Kehebohan bersumber dari ketentuan bahwa mereka yang tidak mendaftarkan diri dianggap ilegal dan akan mendapatkan sanksi berupa pemblokiran.
Peraturan terkait kewajiban mendaftar tersebut diatur dalam Permenkominfo No. 5/2020 yang kemudian diubah dengan Permenkominfo No. 10/2021.
Menurut Kominfo, kewajiban bagi PSE untuk melakukan pendaftaran dilakukan demi keamanan konsumen dan akan memudahkan jika terjadi masalah dengan masyarakat di masa depan.
Publik bereaksi keras terhadap langkah ini. Pemblokiran yang sejauh ini telah dilakukan secara aktual terhadap beberapa PSE menimbulkan kerugian bagi masyarakat.
Salah satunya adalah PayPal. Karena platform ini diblokir, penggunanya tidak dapat melakukan transaksi dan dananya tertahan.
Selain kerugian secara langsung, amatan kritis juga diberikan pada muatan substansi dari Permenkominfo No. 5/2020.
Menurut beberapa organisasi masyarakat sipil, peraturan tersebut berpotensi melangggar hak asasi manusia melalui pembatasan kebebasan berekspresi dan rongrongan terhadap privasi.
Dalam pasal 9 misalnya, disebutkan bahwa PSE dilarang mencantumkan informasi terlarang atau memfasilitasi pertukaran data terlarang.

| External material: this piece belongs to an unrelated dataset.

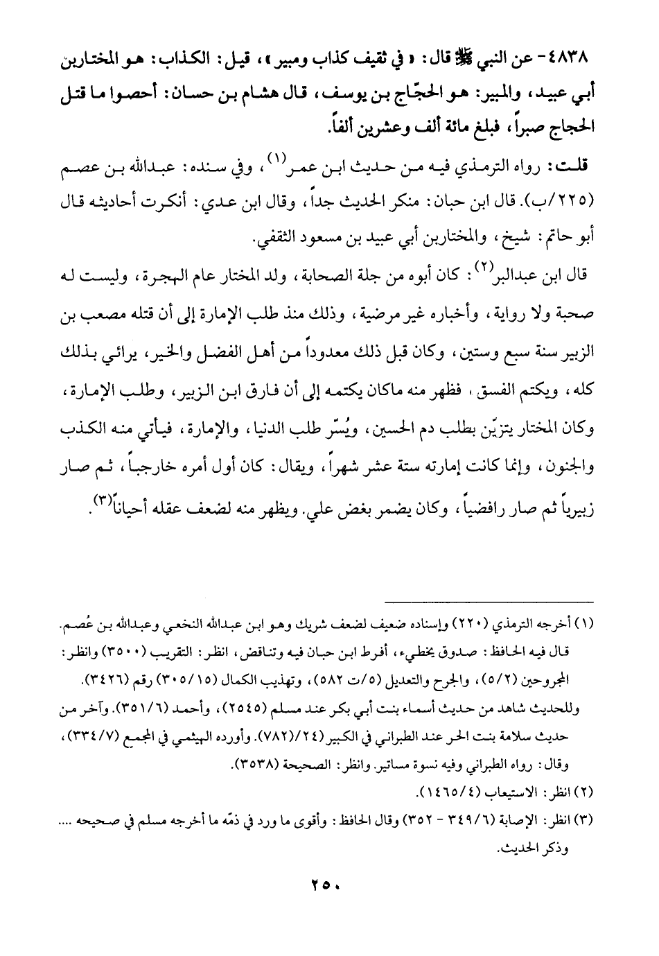 4838 - عن النبي -صلى الله عليه وسلم- قال: "في ثقيف كذاب ومبير"، قيل: الكذاب: هو المختار بن أبي عبيد، والمبير: هو الحجّاج بن يوسف، قال هشام بن حسان: أحصوا ما قتل الحجاج صبرًا، فبلغ مائة ألف وعشرين ألفًا.
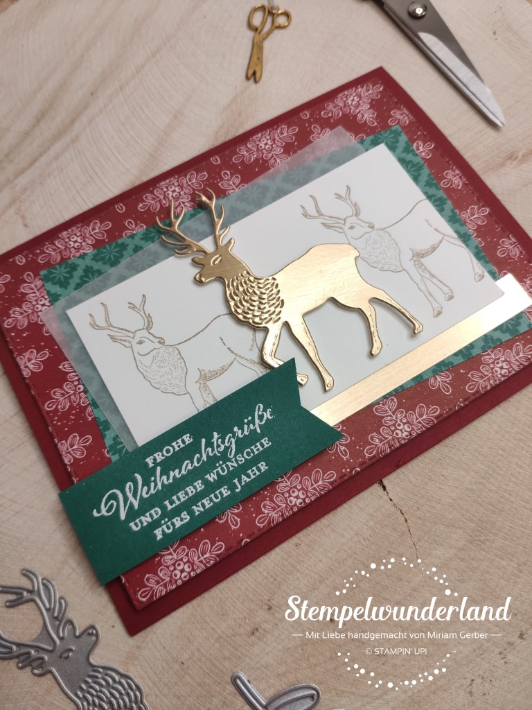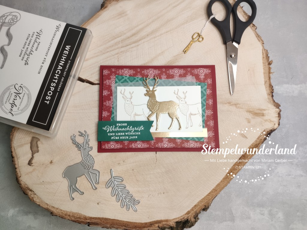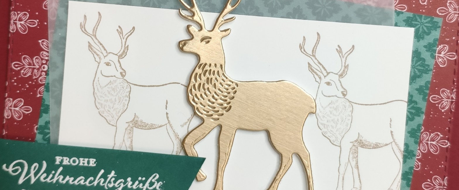 Ich habe mit dem Produktpaket Weihnachtspost eine Karte gestaltet. Besonders der Hirsch hat es mir angetan.

Demikian pula pasal 14 yang memberikan kewenangan bagi aparat untuk melakukan pemutusan akses terkait informasi elektronik dan/atau dokumen elektronik yang dilarang.
PSE wajib menghapus konten terlarang tersebut. Jika menolak mematuhi, maka mereka akan mendapatkan sanksi berupa denda atau pemblokiran.
Apa yang menjadi masalah dari ketentuan tersebut adalah batasan dari data terlarang yang sangat plastis, di mana disebutkan bahwa data tersebut adalah data yang digolongkan melanggar ketentuan peraturan perundang-undangan, meresahkan masyarakat, dan mengganggu ketertiban umum.
Batasan ini terlalu luas sehingga rentan disalahgunakan untuk membungkam kritik terhadap pemerintah atau pihak-pihak yang memiliki pengaruh kuat.
Ditemukan juga problem dalam pasal 21 yang mewajibkan PSE untuk memberikan akses terhadap sistem dan data elektroniknya kepada pemerintah dalam rangka pengawasan.
Ini senada dengan pasal 36 yang memberikan kewenangan bagi aparat penegak hukum untuk meminta PSE memberikan akses terhadap konten komunikasi dan data pribadi.